To accelerate Britain’s trade goals, Lloyds Bank has launched a digital trade offering for the country’s businesses, whether they are clients of the bank or not. “In order to help Britain’s economic recovery, we have a tool called the International Trade Portal (ITP) which has been made available to all UK companies. Businesses want to know which markets are the best fit for their products, who their potential buyers and suppliers are, the kind of duties and taxes they will encounter in specific markets, as well as the kind of country risk they are likely to face. The ITP can answer all of these questions,” says Ms Master. 

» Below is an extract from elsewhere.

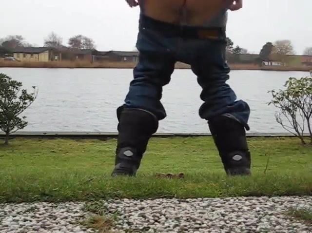 Tattooed babe shitting outdoor

Yet, Mr Johnson’s vision of the UK as a global trading nation, harnessing opportunities across the oceans, will not be achieved easily. For one, the UK is now an independent mid-tier economy mixing in a multi-polar world, full of rising and established economic giants. Creating and maintaining favourable trade agreements with the most important economies will incur sizeable costs for the country, and its private sector, in one form or another. The UK’s ambitions must be tempered by the fact that, in 2020, it is an archipelago of 67 million people in a world of 7.5 billion. 

The future of the British economy, with its mix of strengths and weaknesses, still hangs in the balance. Much will depend on the government solving a range of problems, from low investment and low productivity, to improving the country’s hard and soft infrastructure. Above all, policy certainty and long-term thinking will help in this regard. For its many and obvious flaws, the current administration is at least presenting a narrative of its priorities that fit with this agenda. The challenge, however, will be translating this broad vision into meaningful outcomes. That will require a mix of hard policy choices and technocratic excellence, both of which have been in short supply in recent years.